Problem statement:
Reproduce the listing in full, pictures excluded.

--- Data extract Enclosed Below ---

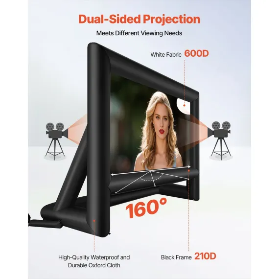 High-quality Material: This inflatable projector screen for outside uses high-quality Oxford fabric, which can resist creases and is easy to clean, ensuring clear, high-resolution images every time. The screen size is 12.66 x 7.11 ft. Front and rear projection are available with an aspect ratio of 16:9
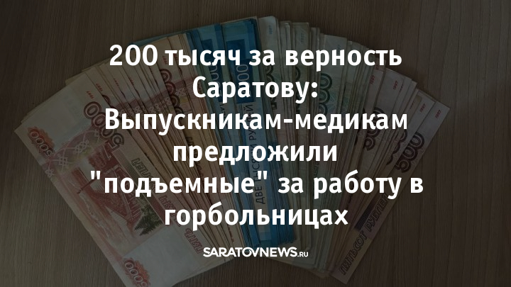Администрация Саратова выступила с новой инициативой для решения кадрового голода в городской медицине. Как объявил сегодня на заседании комитета гордумы по местному самоуправлению председатель комитета по труду и соцразвитию мэрии Максим Михайловский, выпускникам Саратовского государственного медицинского университета (СГМУ), отучившимся по целевому направлению, планируют выплачивать солидную разовую выплату в 200 тысяч рублей.
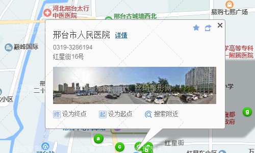 邢臺東站320米向東步行 到 邢臺東站20站乘 42路 (火車站方向) 到 人民醫(yī)院310米向北步行 到 邢臺市人民醫(yī)院
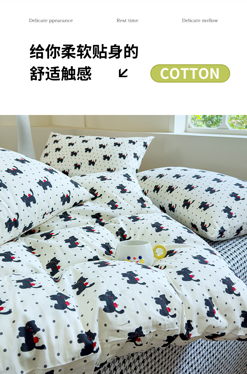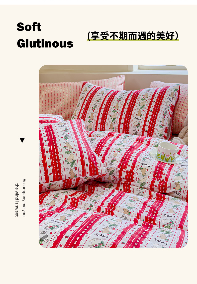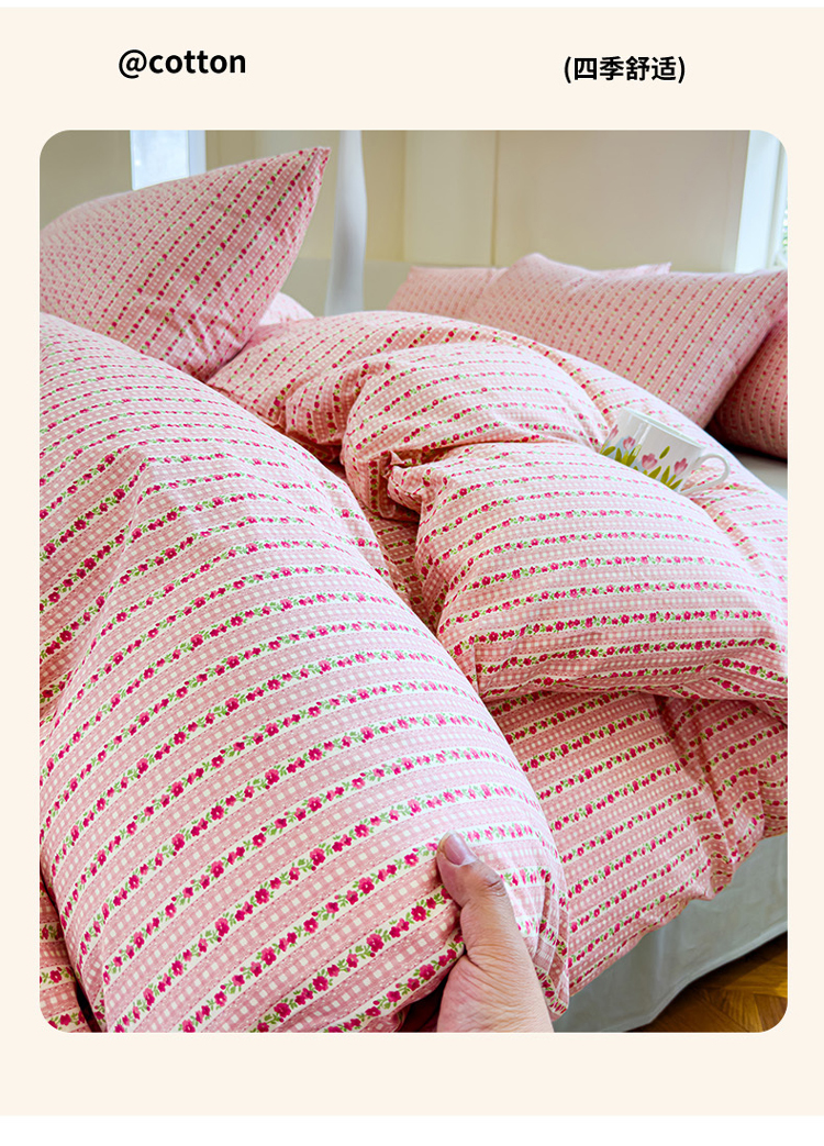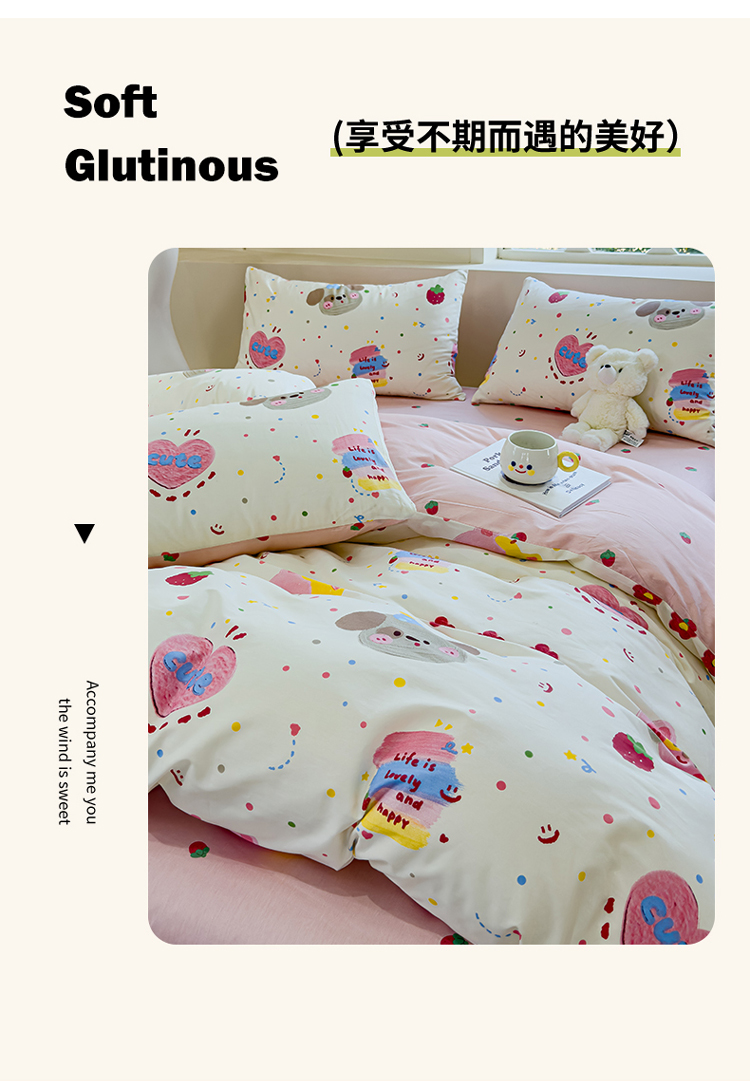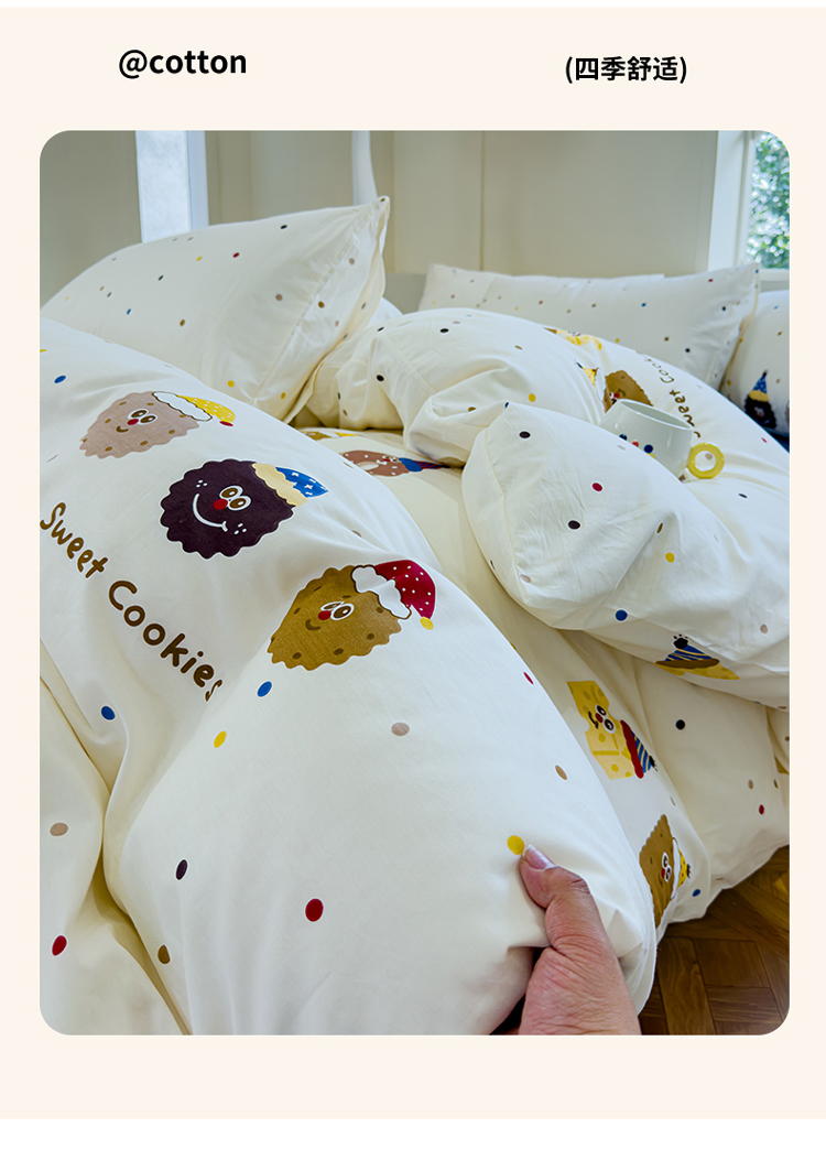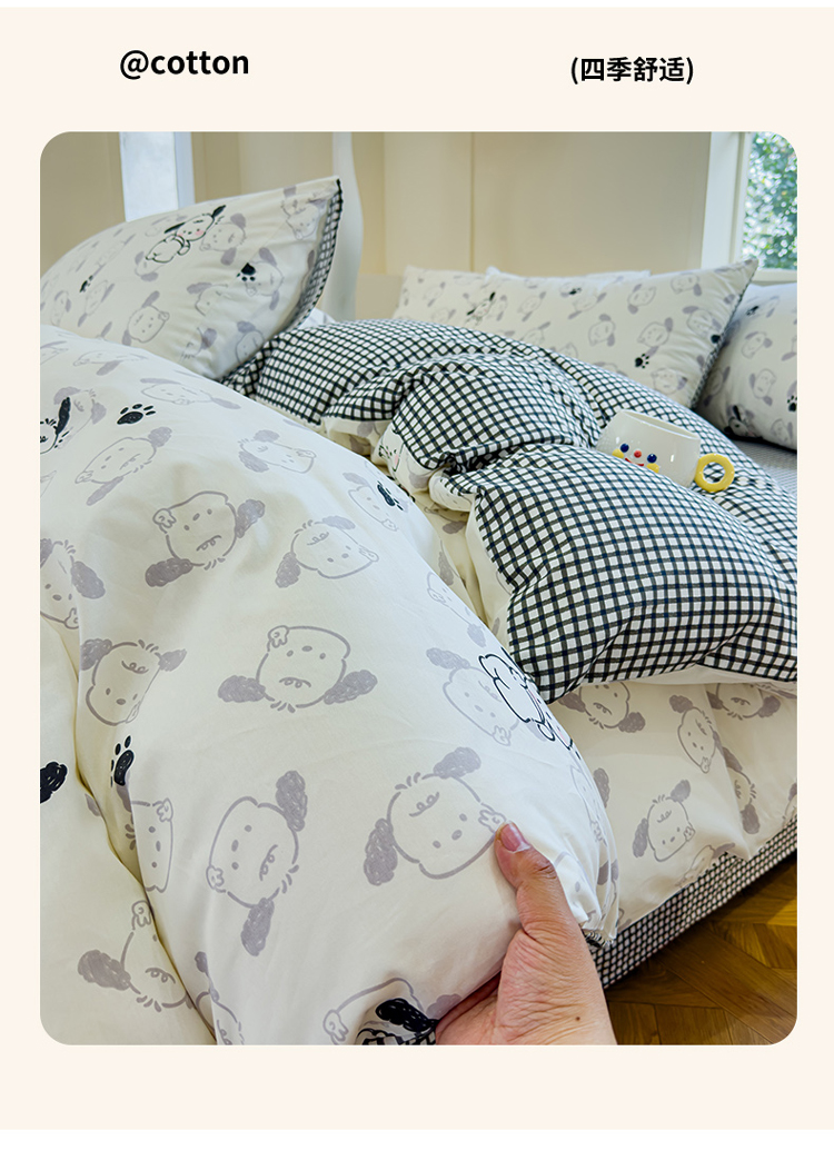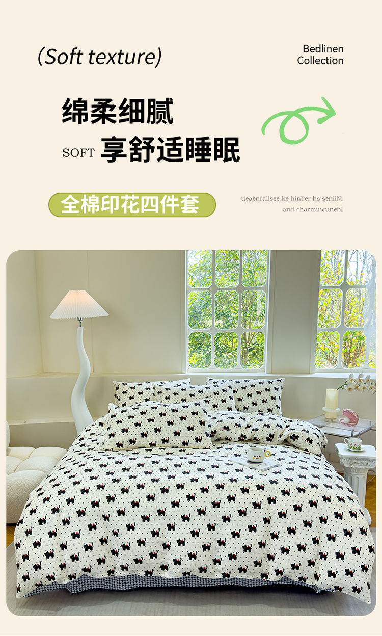(总)感遇家纺 2025新款小清新甜系全棉四件套,百丽兔,波点小女孩,点点小狗,复古樱桃,格子草莓,格子樱桃,花间牧歌,灰条猫咪,奶绿,宁夏,森林小熊猫,甜心波点

--- End of Enclosed Data extract ---

Expected answer:
 High-quality Material: This inflatable projector screen for outside uses high-quality Oxford fabric, which can resist creases and is easy to clean, ensuring clear, high-resolution images every time. The screen size is 12.66 x 7.11 ft. Front and rear projection are available with an aspect ratio of 16:9
Администрация Саратова выступила с новой инициативой для решения кадрового голода в городской медицине. Как объявил сегодня на заседании комитета гордумы по местному самоуправлению председатель комитета по труду и соцразвитию мэрии Максим Михайловский, выпускникам Саратовского государственного медицинского университета (СГМУ), отучившимся по целевому направлению, планируют выплачивать солидную разовую выплату в 200 тысяч рублей.
 邢臺東站320米向東步行 到 邢臺東站20站乘 42路 (火車站方向) 到 人民醫(yī)院310米向北步行 到 邢臺市人民醫(yī)院
(总)感遇家纺 2025新款小清新甜系全棉四件套,百丽兔,波点小女孩,点点小狗,复古樱桃,格子草莓,格子樱桃,花间牧歌,灰条猫咪,奶绿,宁夏,森林小熊猫,甜心波点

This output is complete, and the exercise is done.